Indonesia's GDP growth slowed down to 5.04% year-on-year in the third quarter. The Nikkei Asian Review reported that the slowdown in growth is partly due to weak private consumption. To stimulate consumption, the Indonesian government has announced nearly $3 billion in stimulus measures for the fourth quarter. In addition, the Indonesian central bank had already lowered interest rates three times in a row before keeping them unchanged in October.

Thanks to the net export increase brought about by the mining recovery, Malaysia's GDP in the third quarter grew by 5.2% year-on-year, higher than the previous quarter's 4.4%. But data shows that the growth rate of private consumption slowed down from 5.3% in the second quarter to 5.0%.

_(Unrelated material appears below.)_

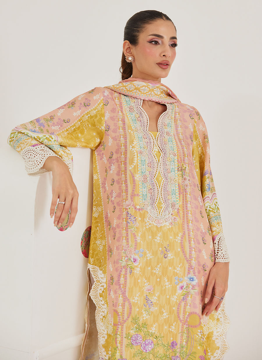 Bright, delicate, and full of charm — Briella captures the warmth of festive moments wrapped in soft elegance. Crafted in pure raw silk, the shirt blooms with a vibrant floral print, blending sunlit yellows with blush pinks and hints of pastel hues that feel fresh and uplifting.

Vietnam is a clear exception, "according to Nikkei Asia Review, the country's GDP growth rate rose from 8.0% in the second quarter to 8.22% in the third quarter, driven by strong manufacturing, construction, and service industry activities. Vietnamese Prime Minister Pham Minh Thang stated in October that Vietnam expects exports to grow by over 12% this year. But a report by the United Nations Development Programme suggests that the imposition of tariffs by the United States could lead to a reduction of up to one-fifth in Vietnam's exports to the United States.